Exercise: Please restate exactly the lines from the one holding "2003 Skyjack SJ7135" to the end of the material, including both ends and excluding every picture.

Stored data:
════════

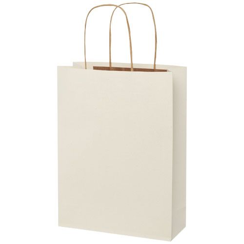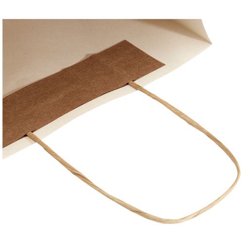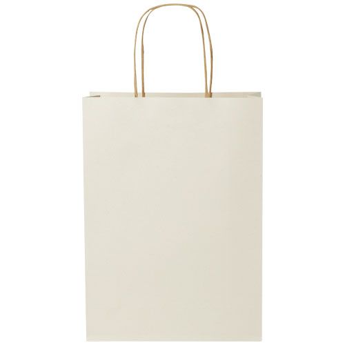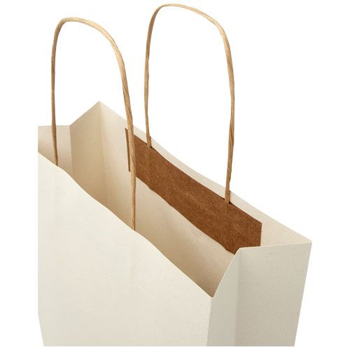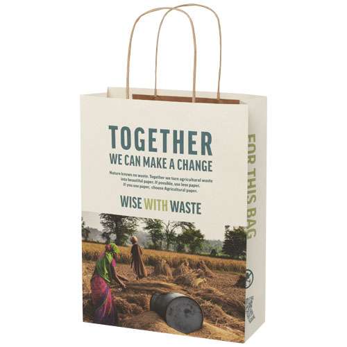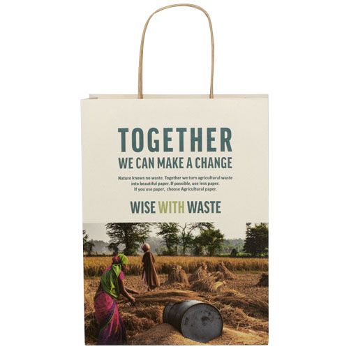 Shopper in carta medio da 150 g/m² (24 x 9 x 32 cm) realizzato con scarti agricoli e caratterizzato da manici di carta intrecciati. La parte anteriore e posteriore personalizzabili offrono un ampio spazio per stampare un logo o qualsiasi altro design, rendendolo un ottimo strumento di marketing aziendale. Realizzato in Europa e riciclabile al 100%, questo sacchetto è una scelta più sostenibile per aziende e persone attente all'ambiente in cerca di una soluzione per il confezionamento sostenibile.
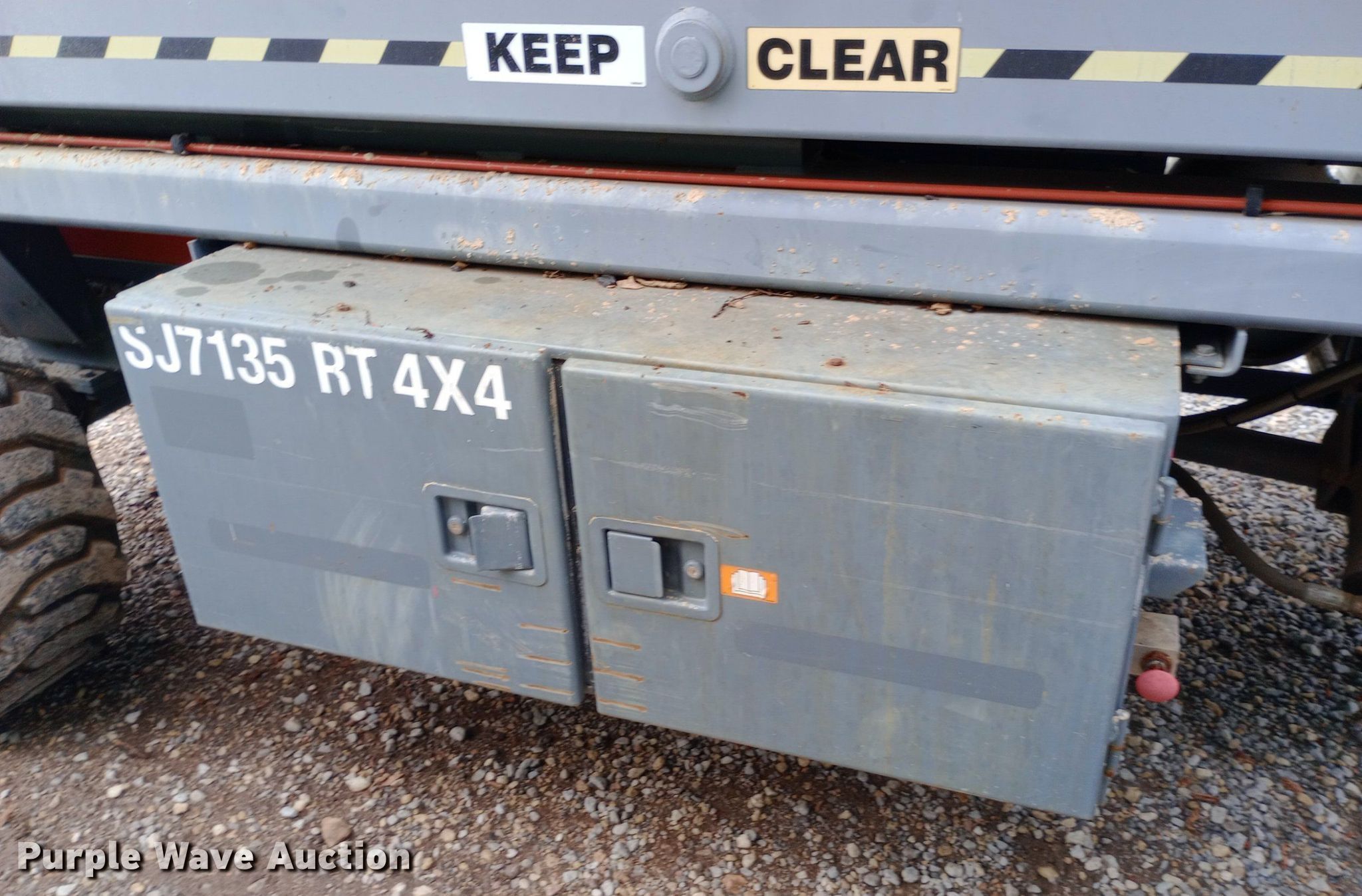 2003 Skyjack SJ7135 scissor lift. Hours: 3,752 on meter, Serial: 34000137R. Engine Kubota DF972-ES, Cylinders: 3, Fuel type: Dual fuel. Chassis Four wheel drive. Features Rough terrain, Maximum lift capacity: 1,000 lbs, Maximum lift height: 35', Platform: 115" L x 67" W, AC power outlet, Controls: Platform, Platform extensions: Manual. Tires Tire size: 10-16.5, Foam filled. Augusta Rental. Augusta, KS 67010
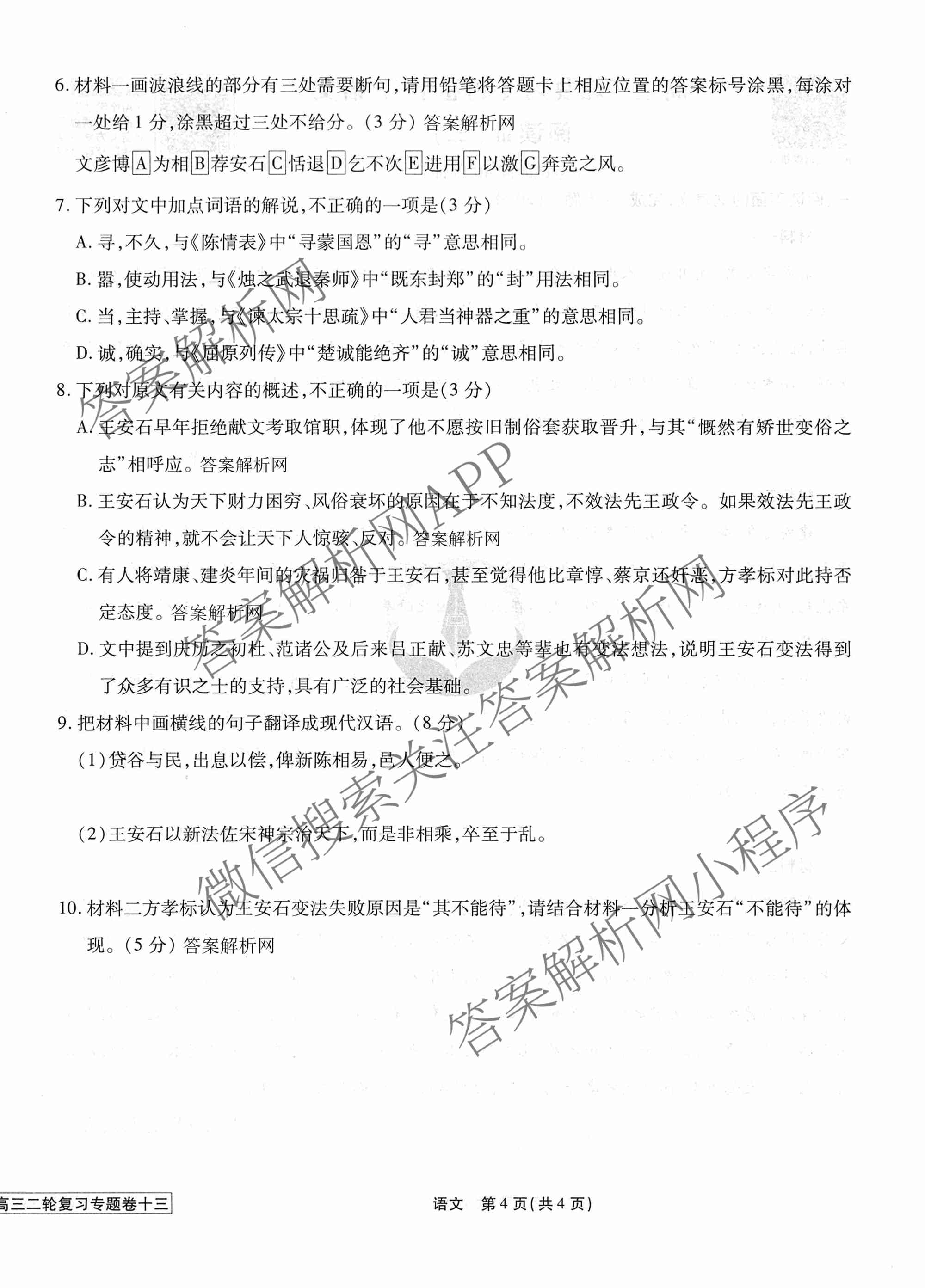 2026届衡水金卷先享题·高三二轮复习专题卷语文(十三)13试题,目前衡水金卷先享题答案网已经汇总了2026届衡水金卷先享题·高三二轮复习专题卷语文(十三)13试题的各科答案和试卷,获取更多衡水金卷先享题答案解析,请在关注本站。

════════

Reply to the exercise:
 2003 Skyjack SJ7135 scissor lift. Hours: 3,752 on meter, Serial: 34000137R. Engine Kubota DF972-ES, Cylinders: 3, Fuel type: Dual fuel. Chassis Four wheel drive. Features Rough terrain, Maximum lift capacity: 1,000 lbs, Maximum lift height: 35', Platform: 115" L x 67" W, AC power outlet, Controls: Platform, Platform extensions: Manual. Tires Tire size: 10-16.5, Foam filled. Augusta Rental. Augusta, KS 67010
 2026届衡水金卷先享题·高三二轮复习专题卷语文(十三)13试题,目前衡水金卷先享题答案网已经汇总了2026届衡水金卷先享题·高三二轮复习专题卷语文(十三)13试题的各科答案和试卷,获取更多衡水金卷先享题答案解析,请在关注本站。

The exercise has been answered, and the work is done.